ETL Overview - OpenData-tu/documentation GitHub Wiki

# Revision Protocol
#
# 2017-05-12 - Initially created by Paul Wille and Andres Ardila
# 2017-05-20 - Spelling, etc.
#
# ====================================================

ETL

Extract

Fetching a resource via a protocol

In the end of this process we want to have whatever dataset is there to be ready for transforming to a format that we want to use later on in the importing pipeline.

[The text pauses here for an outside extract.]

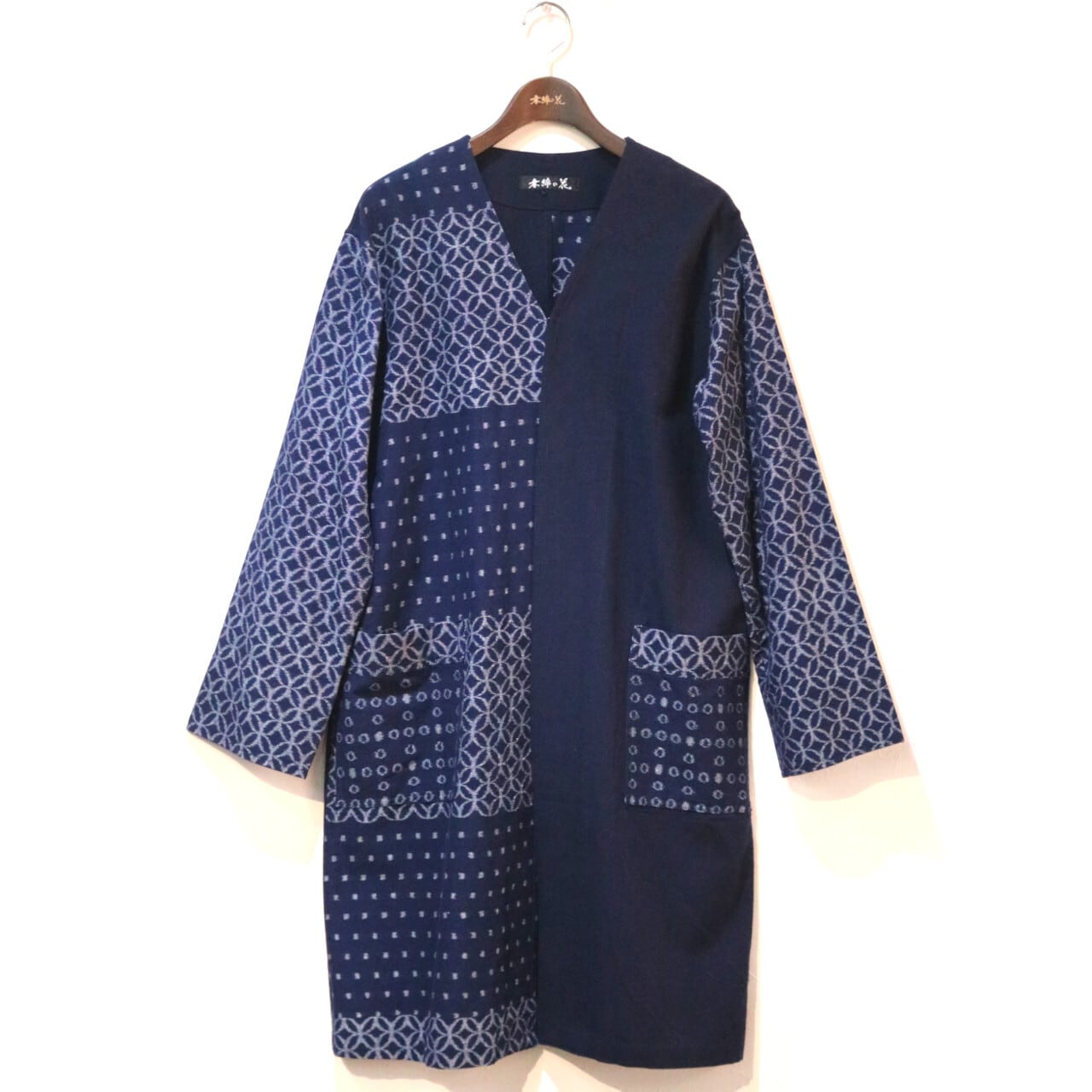 【Sale】木綿の花 [かすりの羽織 ロング丈] 久留米絣 七宝柄・泡ドット柄×無地 紺 ※柄部分:藍染手織り久留米絣使用 池田絣工房

In between every of these step, there is some way of checkpointing, meaning that data is somehow verified and checked before continuing onto the next step.

Fetching

Different Data Sources

  • Files (raw data)
    • FTP
    • HTTP
    • ...
  • Dataset (Ready to use API)
    • HTTP
    • ...
  • Databases
    • locally
    • other origin

Different Formats

Everything can be compresses/in an archive

  • JSON
  • CSV
  • XML
  • Plain Text
  • ...

Transforming

Takes the Data prepared by the Extract-step in whatever format there is (csv, xml, json, ...) and transforms it into the format, with the right names, right units etc.

Schema mapping

Maps the "schema" we receive to the "schema" we expect.

  • Renaming attributes
  • putting attributes where we expect them
  • Altering the hierarchy of the data
  • Ordering data
  • Sorting data

Conversion

Besides mapping there will be some conversion needed as well (used data-formats, variable-types)

Logical Alteration

Probably optional in ETL, because this should be handled by ElasticSearch or whatever data storage we have.

  • Aggregation: Combining datapoints if they are to granular
  • Grouping/combining datapoints etc.

Load

Validating and storing the preprocessed data